+++ PROVIDED DATA +++

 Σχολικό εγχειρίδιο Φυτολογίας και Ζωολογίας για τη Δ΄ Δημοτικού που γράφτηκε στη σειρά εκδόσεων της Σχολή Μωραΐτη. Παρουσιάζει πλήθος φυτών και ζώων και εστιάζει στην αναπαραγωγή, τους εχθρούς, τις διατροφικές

+++
+++ PROVIDED DATA +++

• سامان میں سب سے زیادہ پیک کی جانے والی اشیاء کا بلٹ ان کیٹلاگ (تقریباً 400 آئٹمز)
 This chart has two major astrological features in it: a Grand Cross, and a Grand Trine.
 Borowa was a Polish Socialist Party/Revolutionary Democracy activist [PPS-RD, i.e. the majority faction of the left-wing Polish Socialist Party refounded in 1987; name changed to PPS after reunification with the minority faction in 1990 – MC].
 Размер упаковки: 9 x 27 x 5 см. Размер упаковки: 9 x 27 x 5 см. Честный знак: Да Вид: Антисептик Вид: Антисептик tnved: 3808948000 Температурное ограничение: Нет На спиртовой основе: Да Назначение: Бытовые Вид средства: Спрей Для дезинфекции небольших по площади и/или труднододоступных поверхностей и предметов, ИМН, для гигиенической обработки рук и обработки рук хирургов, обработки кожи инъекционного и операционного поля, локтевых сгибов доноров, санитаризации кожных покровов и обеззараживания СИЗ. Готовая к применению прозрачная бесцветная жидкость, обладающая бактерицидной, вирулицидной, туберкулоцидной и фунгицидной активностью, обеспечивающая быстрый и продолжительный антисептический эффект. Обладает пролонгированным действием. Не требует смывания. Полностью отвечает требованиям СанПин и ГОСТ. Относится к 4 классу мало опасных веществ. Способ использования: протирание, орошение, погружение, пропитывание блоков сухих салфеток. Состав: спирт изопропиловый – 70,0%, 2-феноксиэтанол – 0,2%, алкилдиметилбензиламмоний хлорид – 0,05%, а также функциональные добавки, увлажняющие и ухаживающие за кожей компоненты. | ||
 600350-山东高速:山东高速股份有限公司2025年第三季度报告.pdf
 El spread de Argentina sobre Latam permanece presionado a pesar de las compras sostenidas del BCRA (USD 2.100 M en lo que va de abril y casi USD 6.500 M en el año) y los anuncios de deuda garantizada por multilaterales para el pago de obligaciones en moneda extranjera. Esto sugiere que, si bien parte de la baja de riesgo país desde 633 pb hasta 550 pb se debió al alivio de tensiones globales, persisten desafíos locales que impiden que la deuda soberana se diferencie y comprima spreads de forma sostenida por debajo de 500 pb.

+++
+++ PROVIDED DATA +++

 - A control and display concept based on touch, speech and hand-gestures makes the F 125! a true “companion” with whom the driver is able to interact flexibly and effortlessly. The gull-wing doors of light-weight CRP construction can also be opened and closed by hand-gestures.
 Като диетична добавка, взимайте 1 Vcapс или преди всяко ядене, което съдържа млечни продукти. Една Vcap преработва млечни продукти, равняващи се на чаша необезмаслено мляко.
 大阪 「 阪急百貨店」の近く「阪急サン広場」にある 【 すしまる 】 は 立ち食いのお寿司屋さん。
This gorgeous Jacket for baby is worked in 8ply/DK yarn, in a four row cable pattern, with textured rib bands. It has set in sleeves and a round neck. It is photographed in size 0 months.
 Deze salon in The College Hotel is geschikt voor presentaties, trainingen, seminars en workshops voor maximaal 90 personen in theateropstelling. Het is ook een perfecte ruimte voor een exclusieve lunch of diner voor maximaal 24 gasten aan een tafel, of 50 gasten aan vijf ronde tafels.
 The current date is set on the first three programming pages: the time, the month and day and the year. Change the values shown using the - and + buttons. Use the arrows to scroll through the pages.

+++

GOAL OF THE EXERCISE | Lines with "This": state how many there are in the records, and nothing more.

REPLY | 2